PROMPT
Copy, from the data below, each line that has the word "Dewan".

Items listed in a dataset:
BEGIN

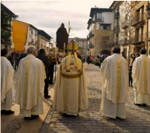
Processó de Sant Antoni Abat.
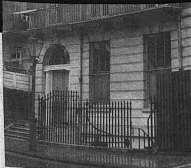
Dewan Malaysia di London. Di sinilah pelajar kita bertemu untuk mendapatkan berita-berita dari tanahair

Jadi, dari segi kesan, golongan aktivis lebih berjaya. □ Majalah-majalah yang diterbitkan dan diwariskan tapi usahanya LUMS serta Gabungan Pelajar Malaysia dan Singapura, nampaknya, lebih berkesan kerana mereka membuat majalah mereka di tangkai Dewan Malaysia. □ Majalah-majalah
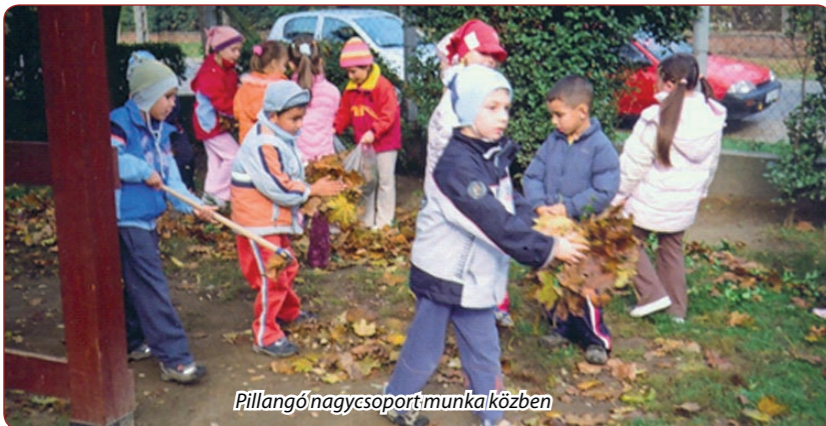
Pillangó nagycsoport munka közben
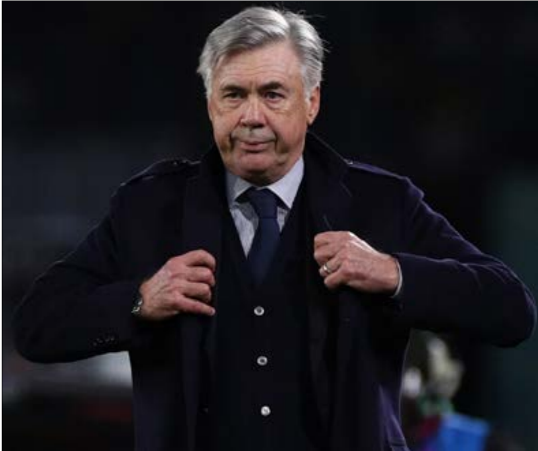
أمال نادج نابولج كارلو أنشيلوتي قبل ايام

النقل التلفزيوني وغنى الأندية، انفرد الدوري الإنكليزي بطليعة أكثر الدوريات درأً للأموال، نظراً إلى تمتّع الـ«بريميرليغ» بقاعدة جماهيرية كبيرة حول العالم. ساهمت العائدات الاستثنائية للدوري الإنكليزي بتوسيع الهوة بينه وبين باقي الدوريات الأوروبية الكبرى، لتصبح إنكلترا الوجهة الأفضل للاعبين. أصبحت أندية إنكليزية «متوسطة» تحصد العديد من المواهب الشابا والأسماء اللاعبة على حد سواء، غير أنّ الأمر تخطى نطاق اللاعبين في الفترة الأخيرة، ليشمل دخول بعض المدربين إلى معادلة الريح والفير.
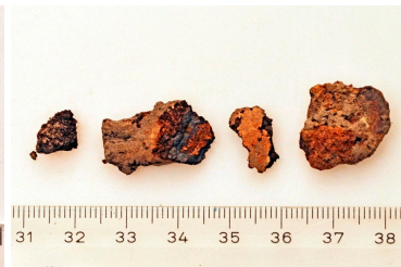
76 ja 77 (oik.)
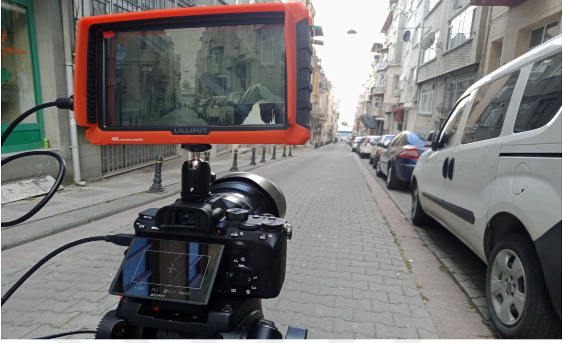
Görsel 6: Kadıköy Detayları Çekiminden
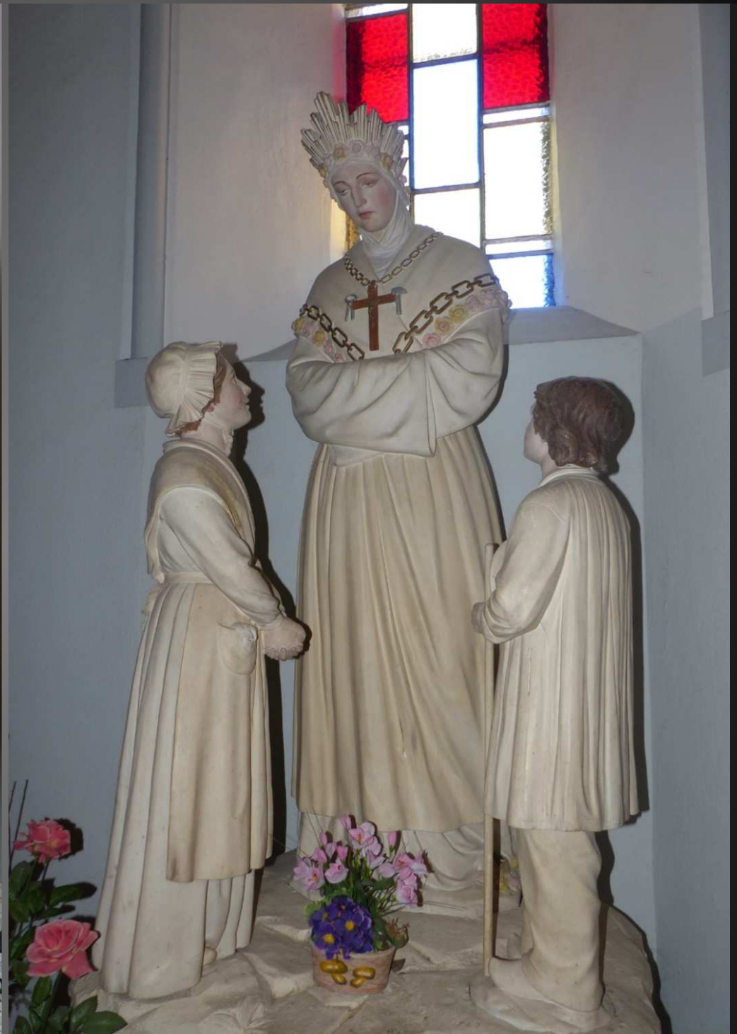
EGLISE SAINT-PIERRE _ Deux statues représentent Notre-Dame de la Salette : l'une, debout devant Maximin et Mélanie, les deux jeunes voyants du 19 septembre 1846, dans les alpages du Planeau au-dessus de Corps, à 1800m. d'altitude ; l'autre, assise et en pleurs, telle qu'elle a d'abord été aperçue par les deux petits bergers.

END

OUTPUT OF THE EXERCISE
Dewan Malaysia di London. Di sinilah pelajar kita bertemu untuk mendapatkan berita-berita dari tanahair
Jadi, dari segi kesan, golongan aktivis lebih berjaya. □ Majalah-majalah yang diterbitkan dan diwariskan tapi usahanya LUMS serta Gabungan Pelajar Malaysia dan Singapura, nampaknya, lebih berkesan kerana mereka membuat majalah mereka di tangkai Dewan Malaysia. □ Majalah-majalah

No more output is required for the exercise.